> **MATERIAL PROVIDED**
┌──
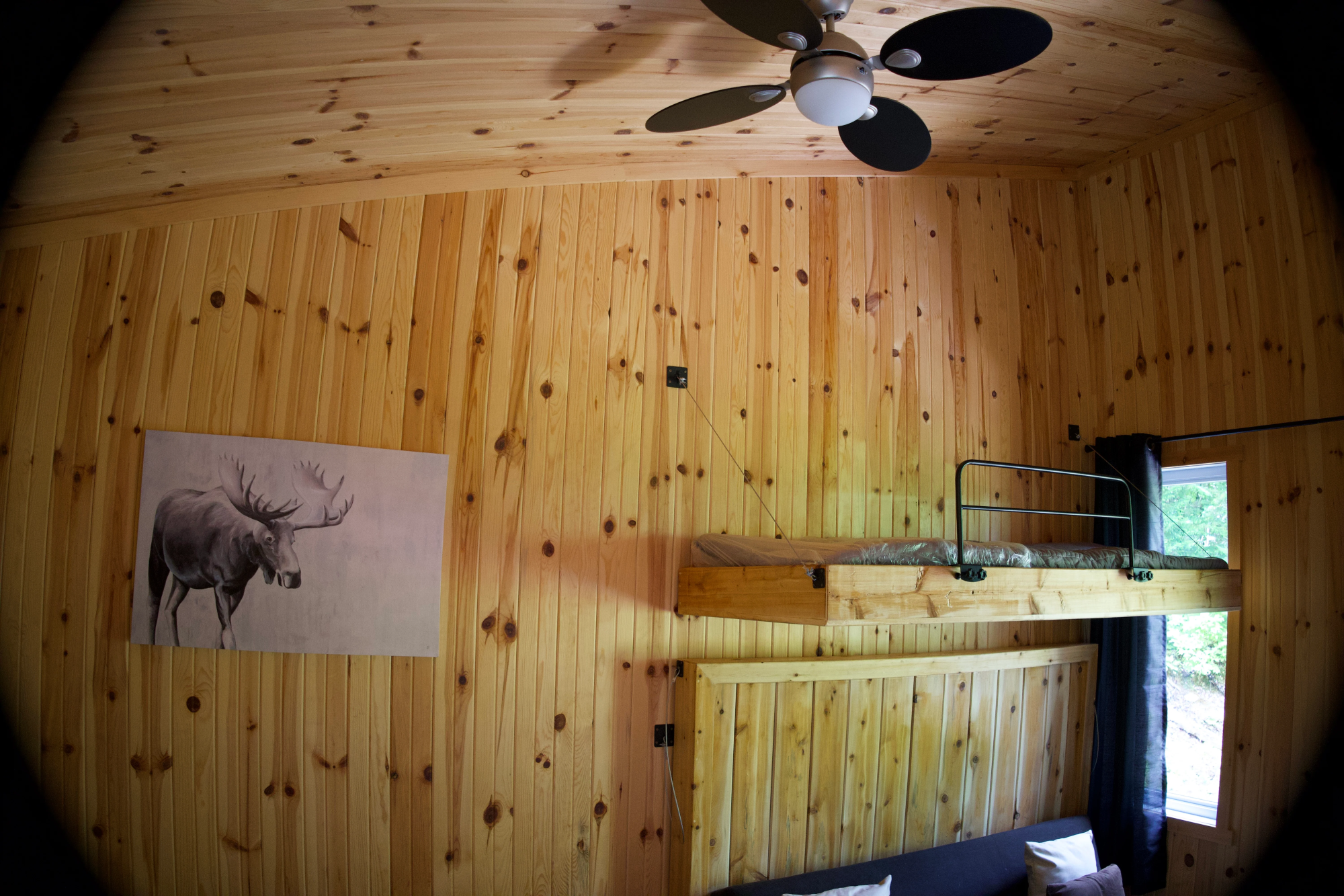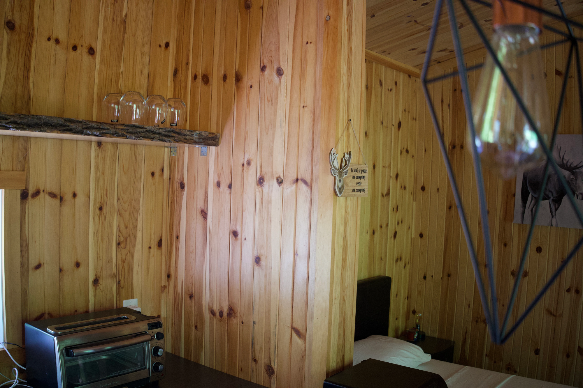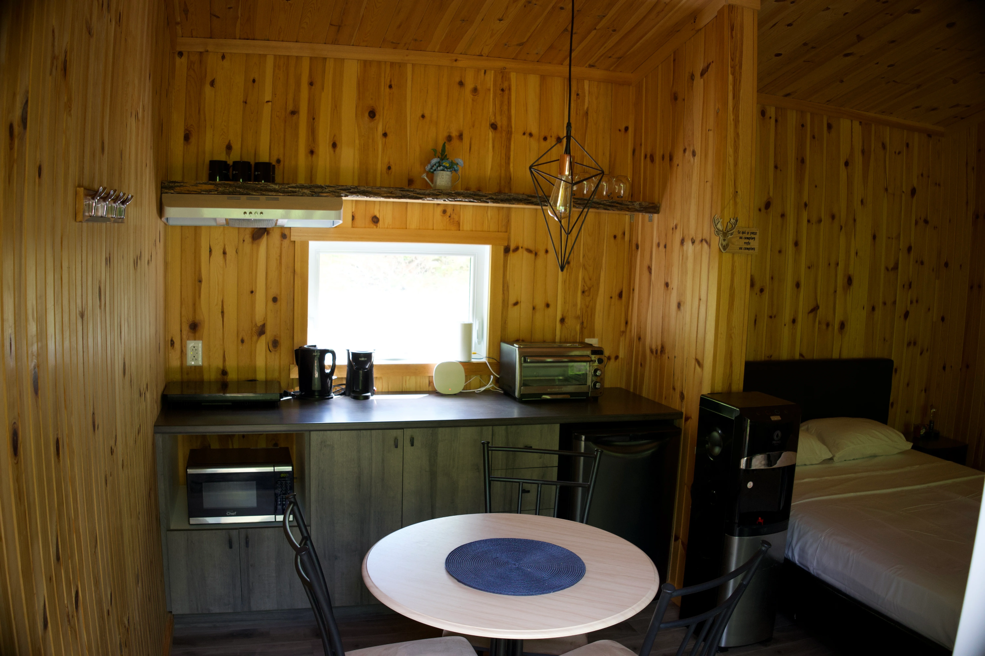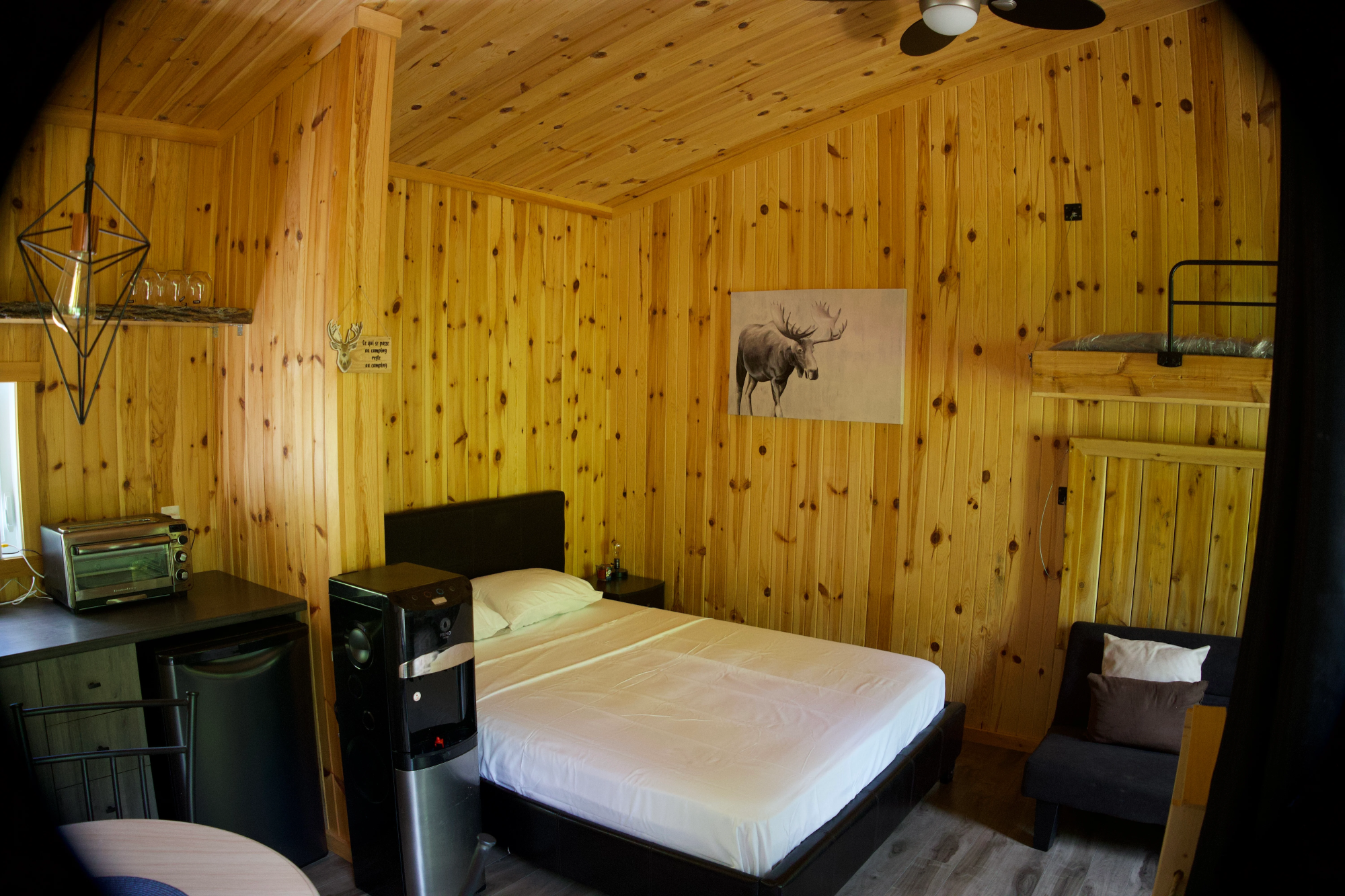 Equipé de toilettes sèches, d’un mini-réfrigérateur, d’un petit poêle, d’un barbecue, de l’éclairage, d’un ventilateur et du chauffage, ce chalet a tout ce qu’il faut pour vous sentir comme chez vous en pleine nature. Son intérieur chaleureux vous invite à la détente, tandis que le cadre extérieur invite à l’exploration et aux jeux.
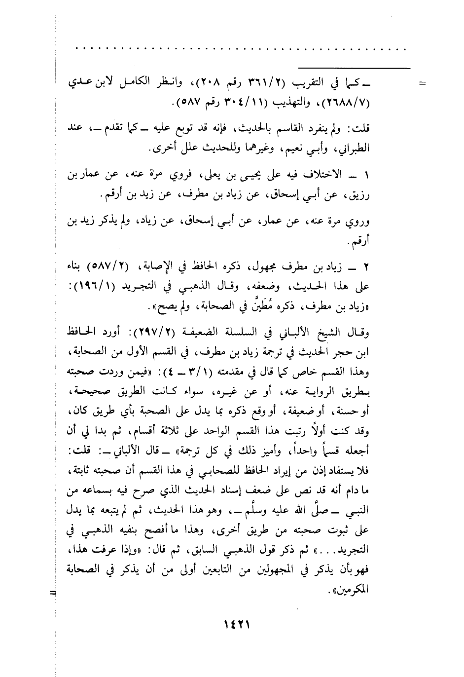وقال الشيخ الألباني في السلسلة الضعيفة (2/ 297): أورد الحافظ ابن حجر الحديث في ترجمة زياد بن مطرف، في القسم الأول من الصحابة، وهذا القسم خاص كما قال في مقدمته (1/ 3 - 4): "فيمن وردت صحبته بطريق الرواية عنه، أو عن غيره، سواء كانت الطريق صحيحة، أو حسنة، أو ضعيفة، أو وقع ذكره بما يدل على الصحبة بأي طريق كان، وقد كنت أولاً رتبت هذا القسم الواحد على ثلاثة أقسام، ثم بدا لي أن أجعله قسماً واحداً، وأميز ذلك في على ترجمة" -قال الألباني-. قلت: فلا يستفاد إذن من إيراد الحافظ للصحابي في هذا القسم أن صحبته ثابتة، ما دام أنه قد نص على ضعف إسناد الحديث الذي صرح فيه بسماعه من النبي -صلى الله عليه وسلم-، وهو هذا الحديث، ثم لم يتبعه بما يدل على ثبوت صحبته من طريق أخرى، وهذا ما أفصح بنفيه الذهبي في التجريد ... " ثم ذكر قول الذهبي السابق، ثم قال: "وإذا عرفت هذا، فهو بأن يذكر في المجهولين من التابعين أولى من أن يذكر في الصحابة المكرمين". =
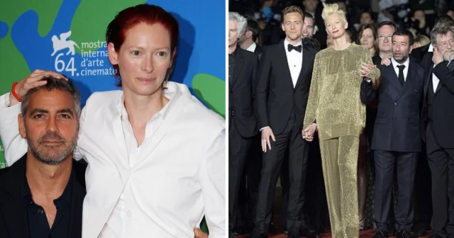 Акторка не соромиться ще більше подовжувати свій образ за рахунок нарядів та зачіски. На фотографії 2007 року Джордж Клуні жартома сів поруч зі своєю високою колегою.
└──
> **WORK ITEM**
Retype all the data exactly, please, without pictures.

> **ANSWER BOX**
 Equipé de toilettes sèches, d’un mini-réfrigérateur, d’un petit poêle, d’un barbecue, de l’éclairage, d’un ventilateur et du chauffage, ce chalet a tout ce qu’il faut pour vous sentir comme chez vous en pleine nature. Son intérieur chaleureux vous invite à la détente, tandis que le cadre extérieur invite à l’exploration et aux jeux.
وقال الشيخ الألباني في السلسلة الضعيفة (2/ 297): أورد الحافظ ابن حجر الحديث في ترجمة زياد بن مطرف، في القسم الأول من الصحابة، وهذا القسم خاص كما قال في مقدمته (1/ 3 - 4): "فيمن وردت صحبته بطريق الرواية عنه، أو عن غيره، سواء كانت الطريق صحيحة، أو حسنة، أو ضعيفة، أو وقع ذكره بما يدل على الصحبة بأي طريق كان، وقد كنت أولاً رتبت هذا القسم الواحد على ثلاثة أقسام، ثم بدا لي أن أجعله قسماً واحداً، وأميز ذلك في على ترجمة" -قال الألباني-. قلت: فلا يستفاد إذن من إيراد الحافظ للصحابي في هذا القسم أن صحبته ثابتة، ما دام أنه قد نص على ضعف إسناد الحديث الذي صرح فيه بسماعه من النبي -صلى الله عليه وسلم-، وهو هذا الحديث، ثم لم يتبعه بما يدل على ثبوت صحبته من طريق أخرى، وهذا ما أفصح بنفيه الذهبي في التجريد ... " ثم ذكر قول الذهبي السابق، ثم قال: "وإذا عرفت هذا، فهو بأن يذكر في المجهولين من التابعين أولى من أن يذكر في الصحابة المكرمين". =
 Акторка не соромиться ще більше подовжувати свій образ за рахунок нарядів та зачіски. На фотографії 2007 року Джордж Клуні жартома сів поруч зі своєю високою колегою.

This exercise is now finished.